Putting digital recording devices in every pocket may be the contemporary equivalent to Harry Smith’s records circulating in every community. We can now easily document everywhere we go, in audio and video - yet everywhere we go is more and more rapidly deteriorating from the vast amounts of resources devoted to enabling that documentation.
At the height of lockdown last year, I turned often to Chris Watson’s transporting radio programs made from his field recordings, because they took me places while I was stuck at home. And this week, I was finally able to personally visit the wonderful audio-visual exhibition by Bernie Krause, The Great Animal Orchestra, at the Peabody Essex Museum in nearby Salem, MA. It, too, was transporting.
But sitting in a room at the museum, wearing a mask to protect myself and others from possible infection, I couldn’t help but think that the current pandemic may well mark the end of a brief golden era for field recording, just as the Great Depression did in the 1930s. Because even when we can travel again – some of us are already, of course – nowhere we go will sound as before.

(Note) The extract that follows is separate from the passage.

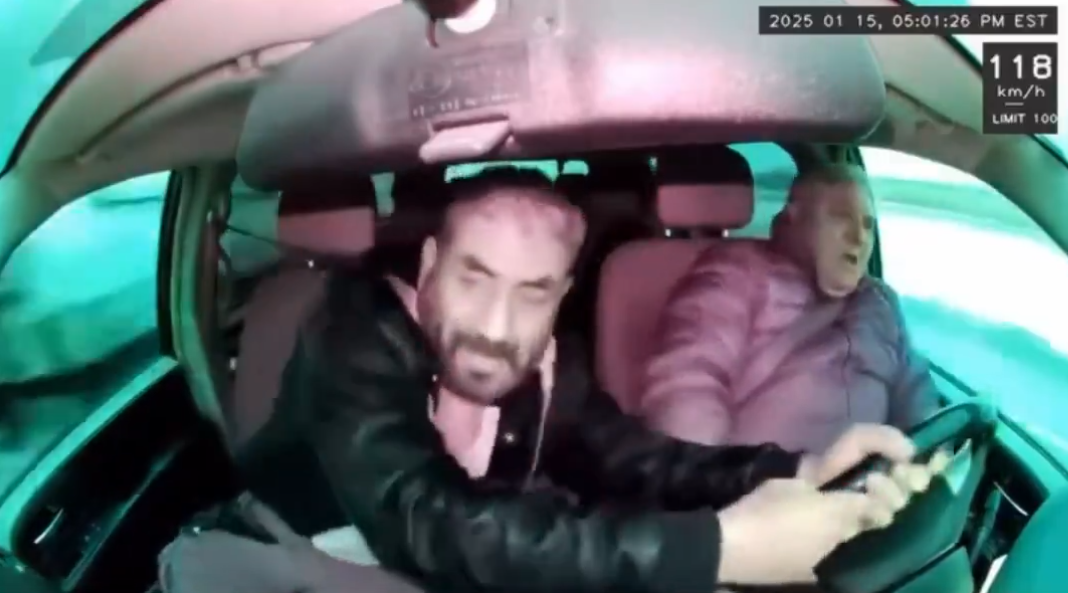 当时,这辆出租车正以每小时118公里的速度平稳行驶,车内气氛看似平静:司机专注驾驶,一位男乘客坐在副驾驶位置,后座则坐着一位戴头巾的女士和几名小孩。然而,就在这看似平常的一刻,一场险情突然爆发。没有任何预兆,也没有任何征兆,副驾驶座位上的男乘客突然伸出双手,一把抓住方向盘,向右猛拽。“你TM在干什么?”司机惊慌失措地大喊,同时奋力想要夺回方向盘的控制权。在如此高的速度之下猛打方向,车辆非常容易失控,一旦翻车那必定是车毁人亡。可意想不到的是,这仅仅是噩梦的开始。在短暂松手之后,这名男子再次猛地抓住方向盘,执意要将车辆往右侧行驶的大货车方向撞去。幸好当时车内外都有摄像头,视频清晰记录下了这惊心动魄的一幕:汽车剧烈晃动,碎片四处飞溅,后座传来此起彼伏的尖叫声。所幸这位经验丰富的司机在千钧一发之际,成功将车辆稳住并安全停靠在路边。然而,这名肇事男子在车辆停稳后,竟然面无表情地迅速解开安全带,恶狠狠地看了司机一眼,然后一言不发地下车离开,仿佛什么都没有发生过一样。这名男子下车时的眼神毫无悔意,甚至还充满愤恨,简直令人后背发凉。随后,后座的女乘客也下了车,出人意料的是,她不但没有指责那名危险的男乘客,反而似乎在质问司机。整个过程中,后座的几个孩子都处于极度惊恐的状态,这无疑给他们幼小的心灵留下了难以磨灭的阴影。这段视频在社交媒体平台上立马就炸了,短短时间内就获得了超过200万的点击量,引发了网友们的激烈讨论。有人猜测这可能是一起蓄意的保险诈骗,也有人担忧这或许是一次有预谋的危险行为。更有网友直言不讳地表示:“这简直就是一起恐怖主义行为!应该严惩不贷!”安大略省警方发言人随后向媒体透露,这名45岁的纽芬兰男子已经被警方逮捕,目前正面临多项严重指控,包括危险驾驶、危及生命的恶作剧以及故意损坏财产等罪名。社交媒体上的帖子称这辆车为Uber,但警方明确表示这是辆出租车。警方表示,目前仍在深入调查此事,以查明该男子的具体作案动机。被告现已被拘留,正在等待保释听证会的结果。值得庆幸的是,在这起危险事件中没有造成任何人员伤亡,也没有引发连环交通事故。但这一事件无疑给社会敲响了警钟。一些人认为事件的发生反映了当前社会治安的严峻问题,还有人将矛头指向移民政策,呼吁加强对犯罪分子的惩治。有网友无奈地表示:“加拿大到底怎么了?现在连坐车都要提心吊胆了。”看来如今没个行车记录仪,都不敢在加拿大开车了。。。

Listening to: Trace: Sound Design Works 1986-1989, by Yukata Hirose
Cooking: first tomato of the season, sliced and sprinkled with lemon and salt
Becuase the natural world is always testing for optimum performance (given all the parameters extant in a given biome/habitat) no biophonic performance is the same...ever. It's always in a mutable state in terms of density, diversity and richness. The American robin singing outside our window each spring, sings from different locations, sometimes out of a nearby tree, sometimes others at different distances, sometimes alone, sometimes vying with others for some selective result.
There are lots of contradictions to what professional field recordists do, some touched on in this article, all too many not. I seriously doubt that this post-viral era will be the end of a "golden" one. I suspect, instead, it is merely the beginning of another, albeit a progressively more silent one, owing much to our great failures to come to terms with issues having no relationship to our gentle art and craft.
I found this particularly interesting, partially because I love field recording myself (one of my bandcamp releases from last year was essentially an environmental field recording with me playing banjo among the sounds of cicadas and crickets etc: https://coffeehut.bandcamp.com/album/beaver-creek), and partially because I'm a huge fan of the Anthology.
I remember from my college classes and other readings in Anthropology and other related fields about the concept of how just observing something can fundamentally change it. (Not sure if Schroedinger's cat fits in with this or not, but it might..) Certainly when cultural things become widespread and more widely known, they can influence the culture, and also likewise become influenced by that culture. That's how cultures evolve. And as folk music (and other folk arts) is popularized, it, too, evolves, and arguably can become more interesting even as it becomes less pure.
But the main thrust of your piece here seems more about the devolution of our planet; which, of course, is just another aspect of the evolution of our world (a scary one, no doubt). But that devolution is part of what's being documented, too.
This recent Atlantic article by Ed Yong, https://www.theatlantic.com/magazine/archive/2022/07/light-noise-pollution-animal-sensory-impact/638446/, talking about human quickening of our planetary devolution, mentions how sound can be important to undersea life, particularly in coral reefs. It talks about how earlier recordings of healthy coral reef sounds have more recently been used to help restore some of these damaged reefs by playing back the earlier recordings via underwater speakers, which seem to be attracting some species back to the reefs who had previously abandoned them. So there really is a practical use for some of these field recordings!